#### Collected data:
=-=-=-=-=

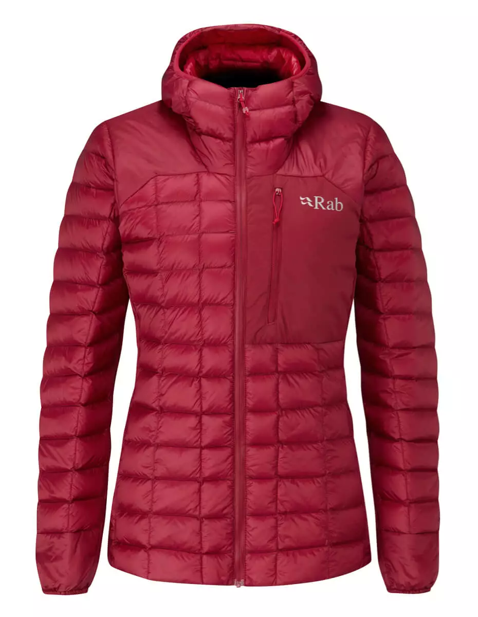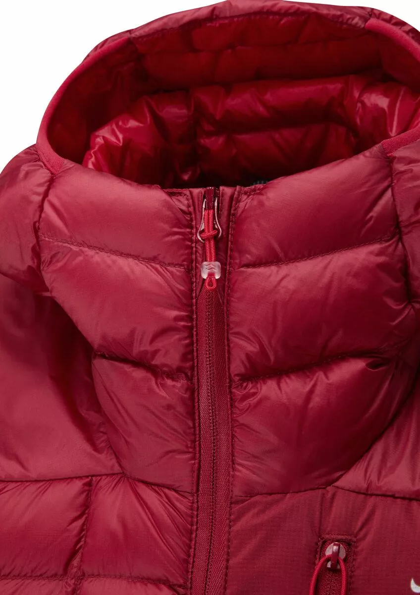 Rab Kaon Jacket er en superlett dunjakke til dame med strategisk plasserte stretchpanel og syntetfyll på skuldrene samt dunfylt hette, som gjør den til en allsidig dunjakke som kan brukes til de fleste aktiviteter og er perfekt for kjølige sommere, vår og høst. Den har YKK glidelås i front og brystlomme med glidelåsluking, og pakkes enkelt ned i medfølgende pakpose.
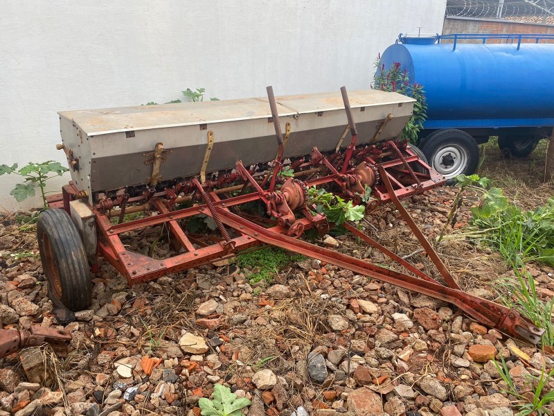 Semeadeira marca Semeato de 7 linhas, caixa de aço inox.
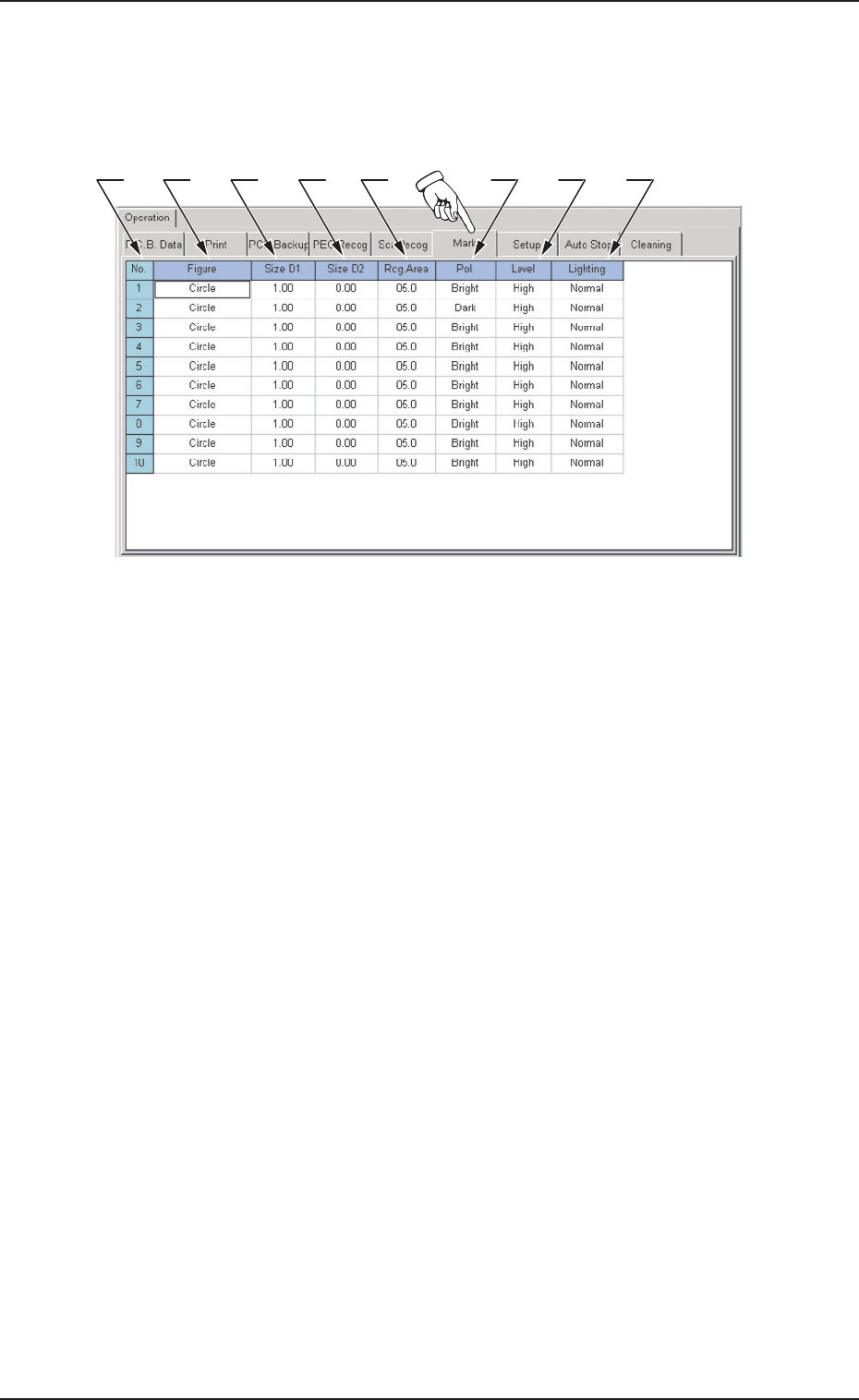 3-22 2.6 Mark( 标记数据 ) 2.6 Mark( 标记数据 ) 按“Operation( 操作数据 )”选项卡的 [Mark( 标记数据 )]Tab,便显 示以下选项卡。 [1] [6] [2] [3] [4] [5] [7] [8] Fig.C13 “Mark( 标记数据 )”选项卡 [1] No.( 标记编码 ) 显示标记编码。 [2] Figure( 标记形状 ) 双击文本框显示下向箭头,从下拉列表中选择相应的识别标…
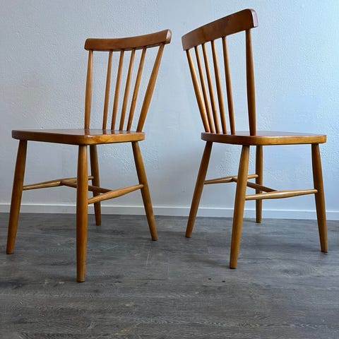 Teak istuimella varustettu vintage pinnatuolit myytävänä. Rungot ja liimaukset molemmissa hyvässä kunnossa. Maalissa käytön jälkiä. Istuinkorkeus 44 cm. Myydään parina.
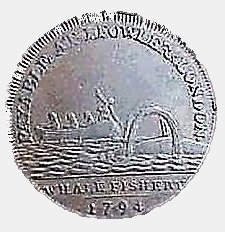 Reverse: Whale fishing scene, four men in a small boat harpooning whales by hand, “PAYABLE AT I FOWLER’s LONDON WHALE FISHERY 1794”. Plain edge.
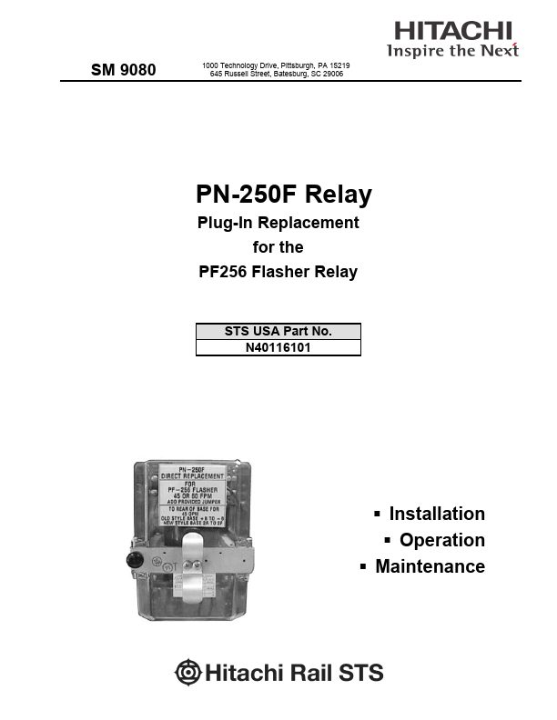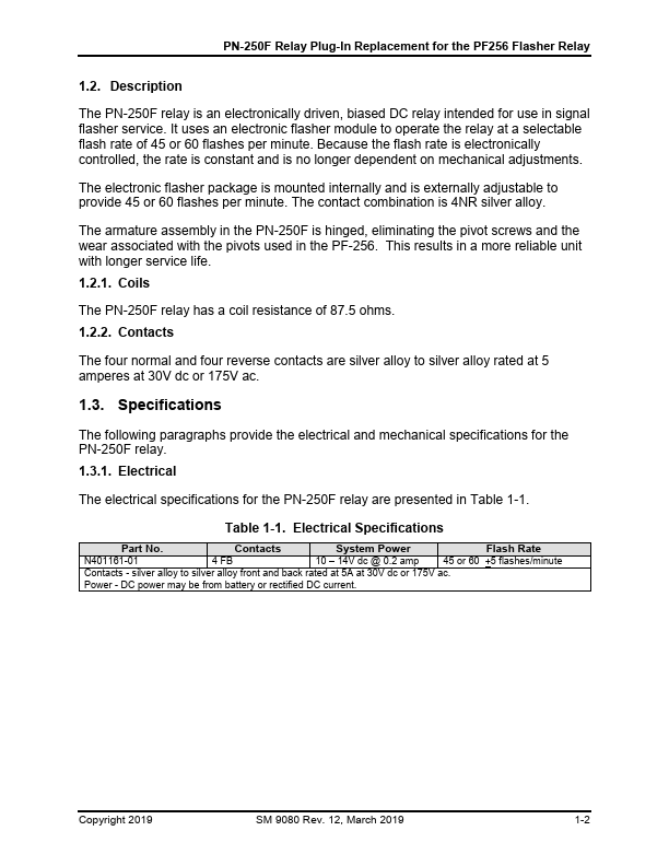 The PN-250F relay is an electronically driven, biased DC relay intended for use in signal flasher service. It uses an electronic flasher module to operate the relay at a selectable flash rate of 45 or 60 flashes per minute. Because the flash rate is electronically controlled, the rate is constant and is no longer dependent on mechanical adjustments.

=-=-=-=-=

#### What you need to do:
Repeat the records above exactly, from the first line through the line containing "Reverse: Whale fishing", and leave out the pictures.

#### Answer section:
 Rab Kaon Jacket er en superlett dunjakke til dame med strategisk plasserte stretchpanel og syntetfyll på skuldrene samt dunfylt hette, som gjør den til en allsidig dunjakke som kan brukes til de fleste aktiviteter og er perfekt for kjølige sommere, vår og høst. Den har YKK glidelås i front og brystlomme med glidelåsluking, og pakkes enkelt ned i medfølgende pakpose.
 Semeadeira marca Semeato de 7 linhas, caixa de aço inox.
 3-22 2.6 Mark( 标记数据 ) 2.6 Mark( 标记数据 ) 按“Operation( 操作数据 )”选项卡的 [Mark( 标记数据 )]Tab,便显 示以下选项卡。 [1] [6] [2] [3] [4] [5] [7] [8] Fig.C13 “Mark( 标记数据 )”选项卡 [1] No.( 标记编码 ) 显示标记编码。 [2] Figure( 标记形状 ) 双击文本框显示下向箭头,从下拉列表中选择相应的识别标…
 Teak istuimella varustettu vintage pinnatuolit myytävänä. Rungot ja liimaukset molemmissa hyvässä kunnossa. Maalissa käytön jälkiä. Istuinkorkeus 44 cm. Myydään parina.
 Reverse: Whale fishing scene, four men in a small boat harpooning whales by hand, “PAYABLE AT I FOWLER’s LONDON WHALE FISHERY 1794”. Plain edge.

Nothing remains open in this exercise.